こんな時でも反男は責任を一人で背負うつもりのようであった。ジョーはいらぬ心労を反男に背負わせてしまったと思っていた。
(やはり私がこの人の隣にいるべきではないのでしょうか)
ジョーは反男の元を離れようかと考えていた。ジョーがいては反男を束縛することになるかもしれない。一介のお嬢様モドキに気を遣うより、もっと世のため人のために尽くせる環境に反男はいるべきではないだろうか。
「帰ってごはんにしようよ、ジョー」
「……」
反男の優しさがジョーには辛かった。そうしてスラム街に戻ってきたその時である。
「ああっ!仏様が戻ってこられたぞ!」
「ははーっ!」
「ありがたやありがたや!」
「みんな拝め!」
「寿命が延びる!万病快癒!商売繁盛!恋愛成就!」
いきなりスラムの住人が反男を拝み始めた。イグニッション・ユニオンにこのスラム街から出場者が現れて、しかも仏になったというのはスラム街でもニュースになっていたのである。
「あの方が仏様ぞ!」
「囲め!かつげ!逃がすな!」
「わっしょい!わっしょい!」
「ありがたやありがたや!」
スラム街の人々は瞬く間に反男を取り囲むとまるで優勝者に対するように胴上げを始めてしまった。
「うわーっ!ジョー!助けてくれー!」
反男がおろおろしながらジョーを呼ぶ。
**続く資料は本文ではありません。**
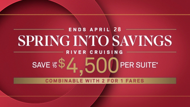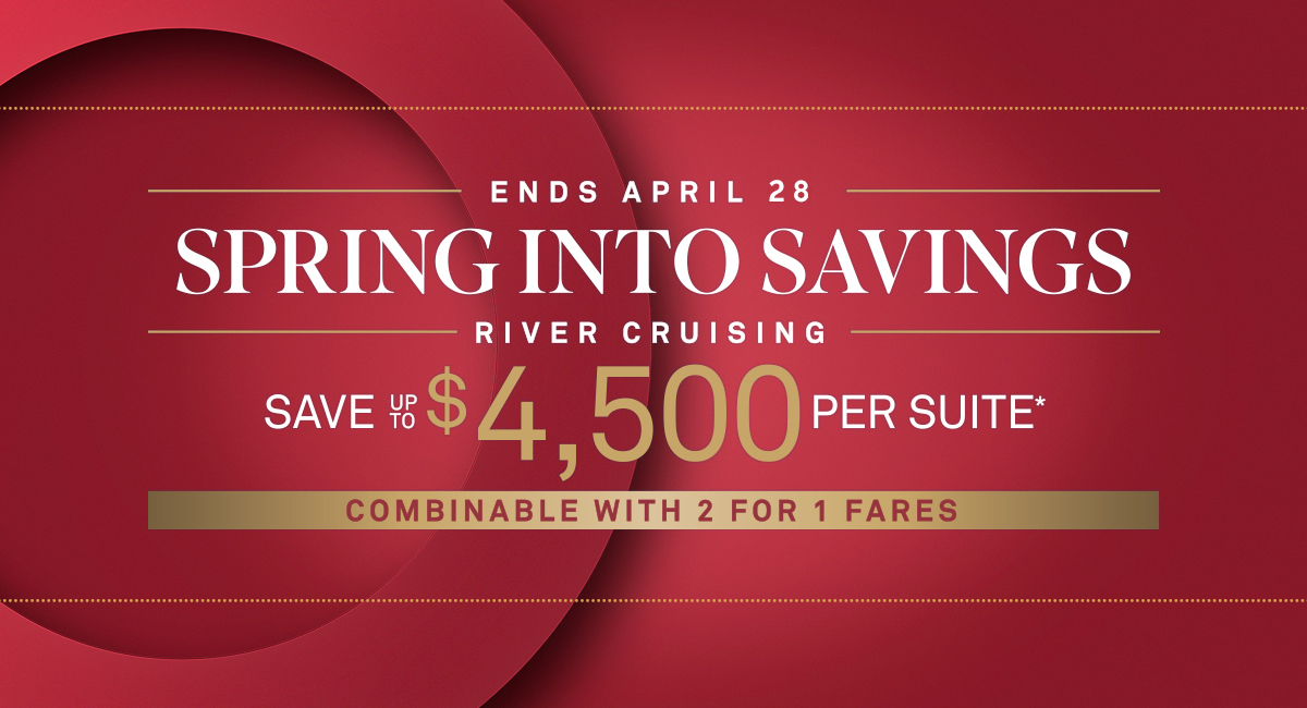 Spring into Savings: Bonus savings of up to $1,500 per suite ($750pp) are available on select departures. Savings vary by departure. Combinable with 2 for 1 Fares and FlexCredit offer. Not combinable with Scenic Select. Deposit required at time of booking.

その様子がジョーにはたまらなくおかしかった。
―なあんだ。ちゃんと反男さんにふさわしい場所があるんじゃない。
「わっしょい!わっしょい!」
「金運!失せ物発見!怨敵呪殺!」
「ありがたやありがたや!」
「わっしょい!わっしょい!」

「お静まりなさい!」
ジョーがお嬢様言葉で一喝するとスラム街の人々がだんだんと静まってゆく。胴上げから下ろされた反男がなんとかジョーの隣に戻ってきた。
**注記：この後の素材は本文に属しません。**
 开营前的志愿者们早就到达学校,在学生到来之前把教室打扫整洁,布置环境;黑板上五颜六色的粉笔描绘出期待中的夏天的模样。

「ふへえ、ありがとうジョー、たすか 「この方こそは『覚りし者』!衆生を救済し、地上に浄土を築く方ですのよ!皆様頭が高いですわ!」ちょっとジョー何言ってるの?!」
「「「「「ははーっ!」」」」」
ジョーのお嬢様言葉での一喝にスラム街の人々が平伏する。
「じょ、ジョー、いったい何を…」
おろおろする反男にジョーがいたずらっぽく囁いた。
「ほら、衆生を救うのでしょう?」
反男は目の前の人だかりを見た。たくさんの人々がこっちを見ている。その目には期待がある。反男は期待されていた。救いを求める人々がいた。ジョーはするりと反男の後ろにひっこんでしまった。
「え、えーと…」
後ろからジョーが再び囁く。
「殺生はいけませんのよね?」
「そ、そうだ…ええとみんな、これからはむやみに生き物を殺したり…盗みを働いたり、弱いものをいじめたりしちゃダメなんだ!罪を犯していてはよ、よくなることはできない…みんなには、いい人になってほしいんだ!」
「「「「「ははーっ!」」」」」
スラム街の人々は反男の言葉を素直に聞いた。これは反男にとって初めてのことであった。
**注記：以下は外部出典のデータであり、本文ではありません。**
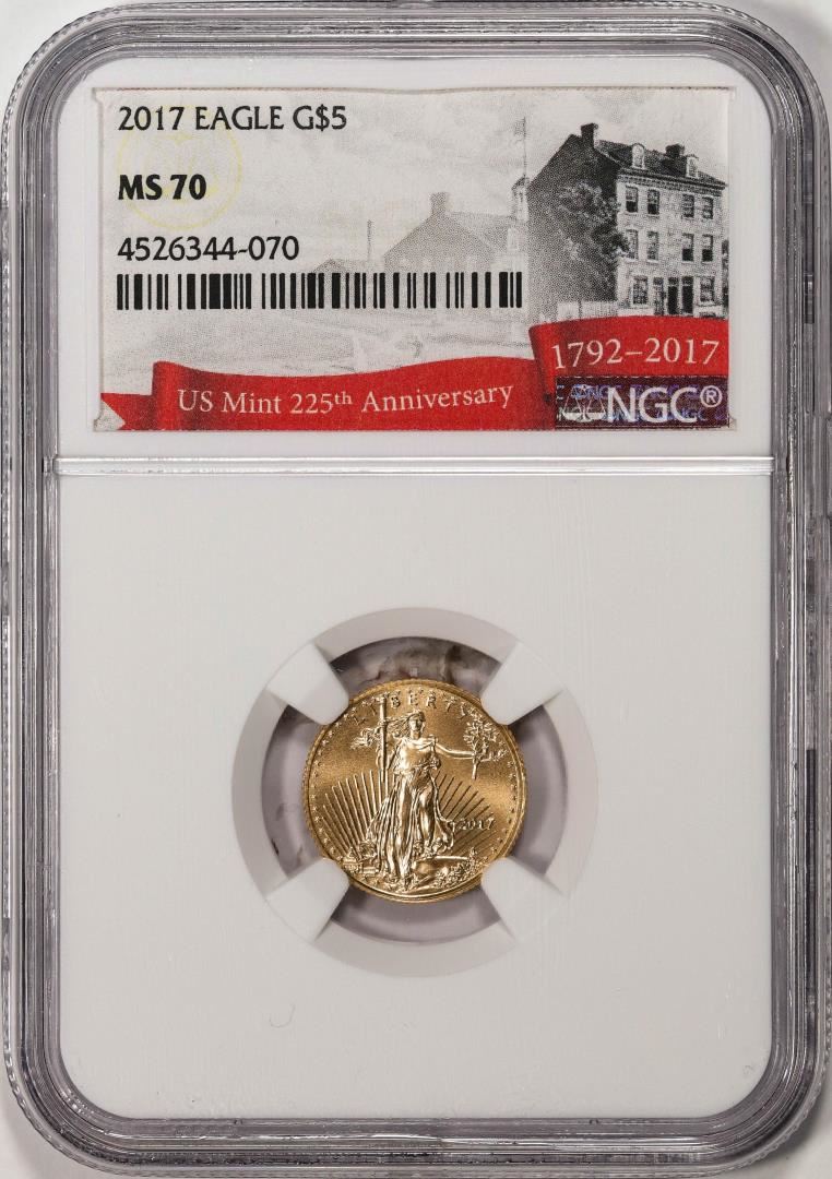 One 2017 $5 American Gold Eagle Coin NGC MS70. NGC Certified.

いままでにない状況にわたわたする反男の横にジョーが出てくる。その目には炎が燃えている。
「さあ!そうと決まればまずはこの街から変えていきますわよ!私たちと一緒にこの街を変えて救いの道に入りたいというものは手を上げなさい!早い者勝ちですわよ!」
わあっ、と歓声があがる。
こののちにスラム街の治安は劇的に改善され、数年の内にその場所はスラム街とは呼ばれなくなるのだが―それはまた、別の話。